The Inner Workings of Python: Beyond the Surface
by Gary Worthington, More Than Monkeys

Python is famous for readability. You can write for x in items: and it works without boilerplate. But what happens when you run:
python script.py
This article explains the internals of CPython i.e. the reference implementation. We’ll cover each layer: parsing, compilation, bytecode evaluation, memory management, the Global Interpreter Lock (GIL), performance characteristics, alternative implementations, and upcoming changes like Faster CPython and No-GIL Python.
This is not a “what is Python” primer. It’s aimed at engineers who want to understand how the interpreter works.
1. From Source to Execution
Python doesn’t execute raw text. Instead:
- Parsing → Source code → Abstract Syntax Tree (AST)
- Compilation → AST → Bytecode (.pyc)
- Evaluation → Bytecode → CPython Virtual Machine
2. Parsing: The PEG Parser
Since Python 3.9, CPython uses a PEG parser (Parsing Expression Grammar).
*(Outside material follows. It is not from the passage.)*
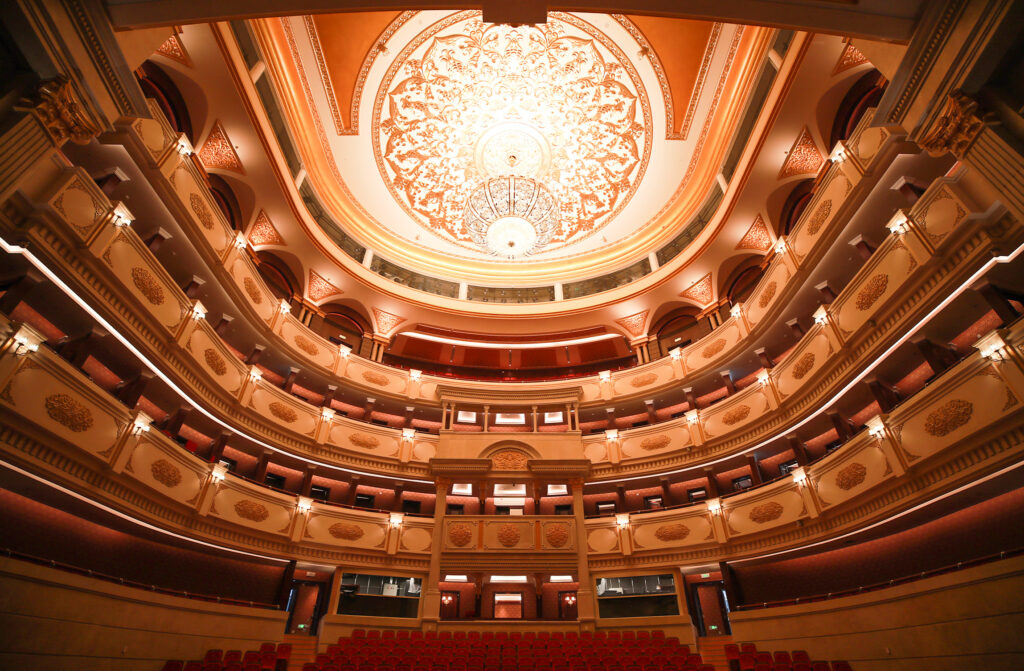 新落成的中央歌劇院劇場總建筑面積4.1萬平方米,整體設計以“鳳凰”為核心立意詮釋建筑內涵主題。劇場色調以金黃色為主,內部金黃色與紅色相交織。橢圓型觀眾廳呈螺旋放射分布,如同鳳凰騰飛時洒下的光芒。劇場中央約150平方米的超大樂池可實現120人編制的交響樂團同時演奏。

This replaced the old LL(1) parser and allows more complex syntax (e.g. match/case) PEP 617.
import ast
tree = ast.parse("x = (3 + 4) * 5")
print(ast.dump(tree, indent=4))
Output:
Module(
body=[
Assign(
targets=[Name(id='x')],
value=BinOp(
left=BinOp(left=Constant(value=3), op=Add(), right=Constant(value=4)),
op=Mult(),
right=Constant(value=5)
)
)
]
)
This AST is Python’s internal tree representation. Every if, for, or def is a node in this structure.
3. Compilation: AST to Bytecode
The compiler translates AST nodes into bytecode instructions. Inspect with dis:
import dis
def add(a: int, b: int) -> int:
return a + b
dis.dis(add)
2 0 LOAD_FAST 0 (a)
2 LOAD_FAST 1 (b)
4 BINARY_ADD
6 RETURN_VALUE
Each instruction is a single bytecode. CPython has ~120 opcodes.
🔗 Disassembly with dis
🔗 Bytecode Instructions
4. Execution: The Eval Loop in ceval.c
At runtime, CPython executes bytecode in a loop inside Python/ceval.c:
for (;;) {
opcode = NEXTOP();
switch (opcode) {
case LOAD_FAST:
PUSH(f->f_localsplus[oparg]);
break;
case BINARY_ADD: {
PyObject *right = POP();
PyObject *left = TOP();
PyObject *sum = PyNumber_Add(left, right);
SET_TOP(sum);
Py_DECREF(left);
Py_DECREF(right);
break;
}
case RETURN_VALUE:
retval = POP();
goto exit_eval_frame;
}
}
Every Python operation runs through this interpreter loop: stack manipulation, type-dispatched calls (PyNumber_Add, PyObject_GetAttr), and refcounting.
5. Frames: Execution Contexts
Every function call in CPython creates a frame object. These are central to how the interpreter tracks execution state.
The C structure is defined in Include/cpython/frameobject.h:
typedef struct _frame {
PyObject_VAR_HEAD
struct _frame *f_back; /* previous frame, or NULL */
PyCodeObject *f_code; /* code object being executed */
PyObject *f_builtins; /* builtins dict */
PyObject *f_globals; /* globals dict */
PyObject *f_locals; /* locals dict */
PyObject **f_valuestack; /* value stack */
int f_lasti; /* index of last attempted instruction */
int f_lineno; /* current line number */
...
} PyFrameObject;
Each frame stores:
- f_back → a pointer to the previous frame (so the runtime maintains a call stack).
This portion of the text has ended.